Global Petroleum Show opens in Calgary with revamped format

By KURT ABRAHAM, Editor, World Oil on 6/14/2018
Despite the public spat between U.S. President Donald Trump and Canadian Prime Minister Justin Trudeau, the two countries’ E&P sectors are working as closely as ever at GPS, symbolized by the two nations’ flags standing side-by-side at the U.S. Department of Commerce pavilion.

CALGARY -- Amid an atmosphere among the Canadian oil and gas industry that activity is slowly getting better, the Global Petroleum Show (GPS) has opened this morning with an improved  lineup of features that include a business and technical conference, and a new GPS Awards Gala. GPS organizers are hoping for/expecting attendance of 50,000+ for the three days ending on June 14.

In addition to the usual, vast exhibition, spread over several buildings and totaling 460,000+ sq ft, the GPS has taken back total responsibility for the conference side of the event. There is now a three-day Business Conference program, covering a host of management and regulatory issues, and featuring Canadian and U.S. speakers. A separate Technical Conference program will be running simultaneously with the business schedule, and it also will run the full three days. Some of the technical program streams include operational excellence, field development, E&P geoscience, drilling & completions, IOR/EOR, unconventional technologies, petroleum advanced analytics, carbon management, alternative energy, offshore & marine, HSE, and people & talent.

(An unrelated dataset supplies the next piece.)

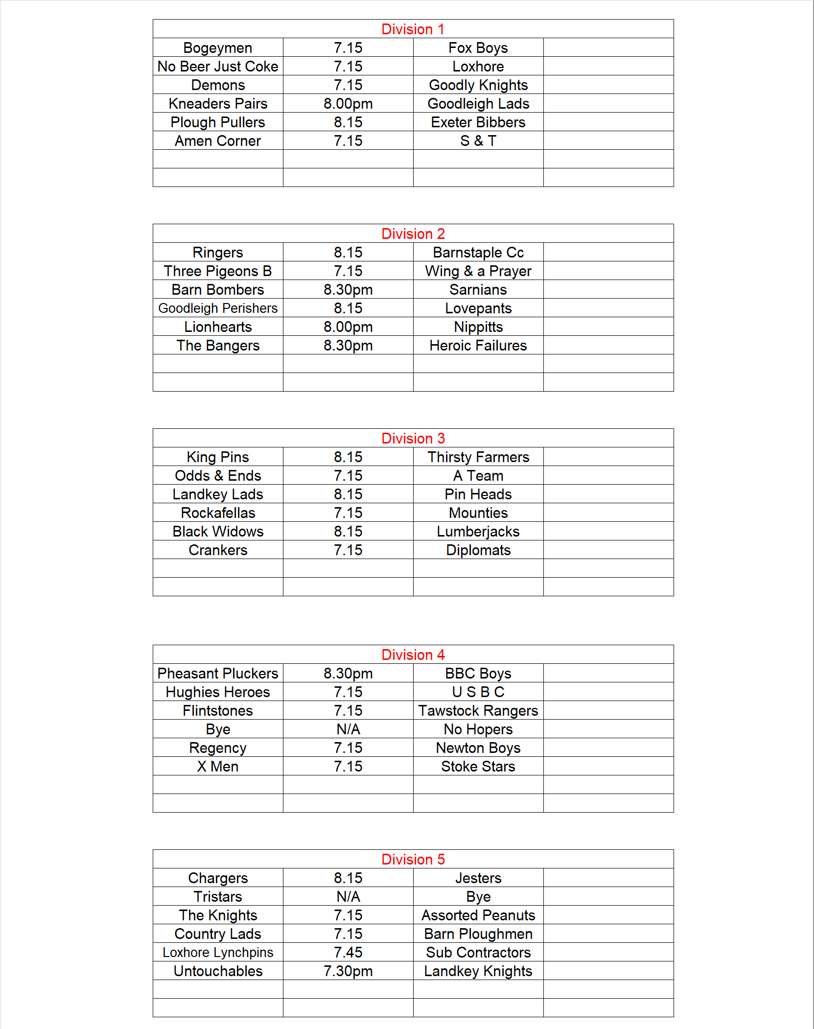 BARNSTAPLE AND DISTRICT MEN'S SKITTLES LEAGUE

The GPS Awards Gala replaces the traditional Opening Night Reception (ONR) as the major networking event this year. It will be a sit-down dinner that will feature the handing-out of awards for eight categories, including Innovation in Technologies for three subjects, including Digital, Controls and Equipment. Other categories include Corporate Social Responsibility, Emerging Clean Technologies, Environmental Excellence, Health & Safety, and Indigenous Engagement.

Other new features include a GPS Celebrates Concert, featuring the Spazmatics, a 1980s-style retro band. The show will be in the Big Four Roadhouse. In addition, a Young GPS program is looking to inspire 50 future leaders, ages 12 to 17, to learn about new technology and how they can someday contribute to a sustainable energy future for Canada. GPS is also welcoming the Indian Resources Council to the show floor, with teepees installed in halls A, B and C, encouraging attendees to participate in dialogue about indigenous inclusion.

A Country Market Seminar Series is providing insights on international E&P interests and investment opportunities in 20 other countries. And the ever-popular Digital Oilfield Zone returns to the show grounds, and reportedly will even include exhibits on blockchain, A.I., and deep machine learning.

It should be noted that while U.S. President Donald Trump and Canadian Prime Minister Justin Trudeau may be having a public spat, the American and Canadian attendees at GPS are not letting that bother them. Colleagues from both sides are working closely together, as they always do. And, symbolically, the U.S. Department of Commerce pavilion, at the main desk on its one end, continues to feature the U.S. and Canadian flags standing next to each other. The Commerce pavilion includes about two dozen booths, highlighted by stands from the states of West Virginia and Louisiana.